Luogo di commercio, da cui i mercanti partivano verso le rotte orientali, ancora oggi conserva iconografie che riuniscono diverse culture.
Venezia può quindi essere paragonata a un libro aperto, con tante pagine ancora da comprendere e decifrare.
E tra le tante storie che ancora non sono state raccontate, c’è quella della Basilica di San Marco e del suo portale maggiore, ricco d’arte ma che, se letto da un’altra prospettiva, svela un ciclo astronomico risalente al 1200.
A confermare questa tesi, frutto di un’approfondita ricerca, è stata la professoressa Gloria Vallese, docente all’Accademia di Belle Arti della città lagunare, in occasione di una conferenza tenuta lo scorso mercoledì 11 ottobre, nell’ambito dei “Mercoledì di San Rocco”, organizzati alla Scuola Grande di San Rocco a Venezia.
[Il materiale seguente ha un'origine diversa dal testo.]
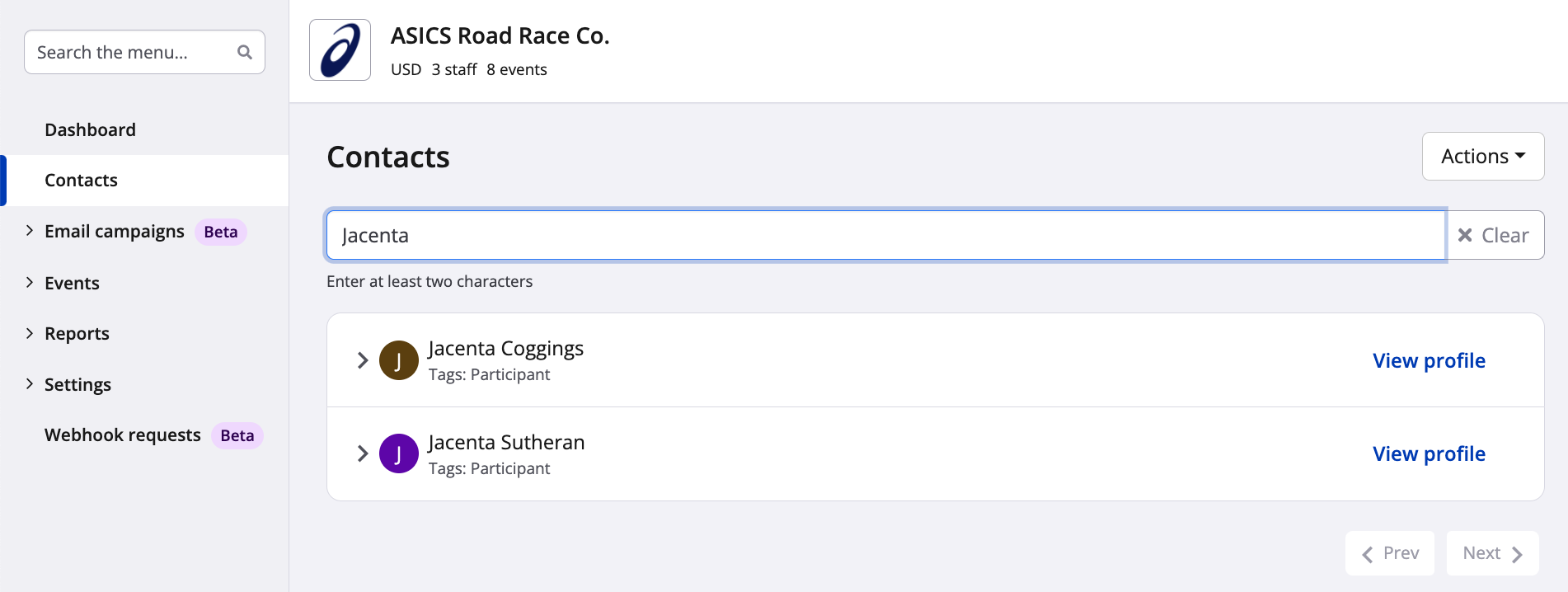 2. From the contacts search page, use the contact search bar to enter a key word common to the two contacts you wish to merge. Make sure that at least the two are visible on the page.

Un fatto che, da un certo punto di vista, non sorprende, se si fa un passo indietro in un’epoca dove i mezzi erano nettamente inferiori a quelli odierni.
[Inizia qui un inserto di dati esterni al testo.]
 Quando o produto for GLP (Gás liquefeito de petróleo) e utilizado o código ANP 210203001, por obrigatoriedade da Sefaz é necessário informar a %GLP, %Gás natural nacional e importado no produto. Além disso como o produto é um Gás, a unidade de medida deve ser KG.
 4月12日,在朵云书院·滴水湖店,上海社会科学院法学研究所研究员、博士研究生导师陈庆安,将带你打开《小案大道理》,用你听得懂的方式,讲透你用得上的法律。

Una Venezia dove l’attenzione alle stelle era speciale, con la popolazione letteralmente “col naso all’insù” e una conoscenza del ciclo lunare nettamente superiore a quella odierna, sfruttata dai veneziani per le proprie esigenze di mercanti.
Un fatto che, all’apparenza, appare ovvio, ma che in realtà nel tempo non ha mai visto un suo approfondimento, secondo quanto riferito da Vallese.
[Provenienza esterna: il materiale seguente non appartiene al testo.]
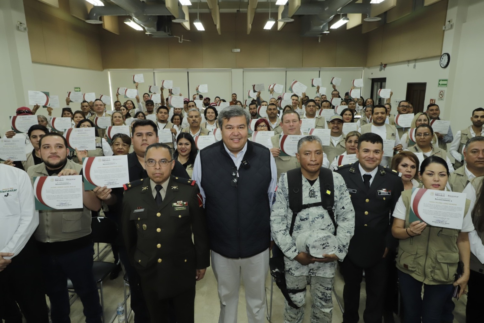 Durante el evento, el delegado de Bienestar en Sonora, Octavio Almada Palafox, destacó la vocación de servicio y el compromiso de quienes dejaron temporalmente sus hogares y familias para cumplir con la encomienda presidencial.

Anche i dogi riconobbero l’importanza dell’astronomia: se si sale nella loro sala del trono, infatti, un globo lunare accompagna un altro terrestre, segno di quanto non esista geografia senza astronomia ma, soprattutto, di quanto “non si possa dominare il mondo, senza cielo“.
Chi osservava il portale maggiore, riconosceva in esso un ciclo lunare da consultare, grazie alle diverse immagini lì presenti, ognuna corrispondente a una costellazione differente, con influenze orientaleggianti.
Se Vega (la stella più luminosa della costellazione della Lira) veste i panni di un’aquila, le Pleiadi sono richiamate dalla figura di una chioccia con i suoi pulcini, mentre il Sole è incarnato nel profilo di un leone: tutti immagini di animali, in apparenza accostati gli uni agli altri per un’esigenza artistica.
Tra loro spicca inoltre la figura della Vendemmiatrice (Vindemiatrix), figlia di Virgo e stella attesa di norma a fine luglio, per segnalare il cambio di colore dell’uva, qui “travestita” con i panni di una fanciulla, intenta a versare della birra, comunemente usata per festeggiare l’inizio della trebbiatura.
Un vichingo, con i denti digrignanti e i capelli dritti in testa, in più armato di scudo, incarna invece il punto più alto del sole.
Immagini lì posizionate in attesa di ricevere la luce solare, motivo in più a conferma di quanto il portale della basilica fosse stato studiato apposta per fornire una lettura astronomica.
La cupola della Basilica, invece, racchiude in sè elementi appartenenti a culture diverse, segno di quanto l’astronomia fosse un linguaggio comune, adottato per accogliere chiunque fosse di passaggio.
Intanto la fuseruola, che contorna il bordo del portale, si allontana da una funzione puramente ornamentale, poiché fu strumento per contare i giorni dei mesi lunari e le ore, grazie all’ombra proiettata sulle dita poste su diversi punti.
A fare da cornice, anche delle particolari formelle, con i loro animali messi in particolari posture, collocate anche sulle facciate degli antichi palazzi della città, in grado di fornire un orientamento a chi si muoveva tra i canali cittadini.
“Ciò mostra l’abitudine dei Veneziani di vedere la loro città sui cieli stellati – il commento di Gloria Vallese – Un sistema diffuso sulle vie commerciali, anche in Nord Europa e in Oriente”.
Un linguqggio scomparso, tutto da decifrare, quello astronomico nella città lagunare, che dimostra quanto Venezia resti uno scrigno di messaggi ancora da scoprire. E per questo va preservata.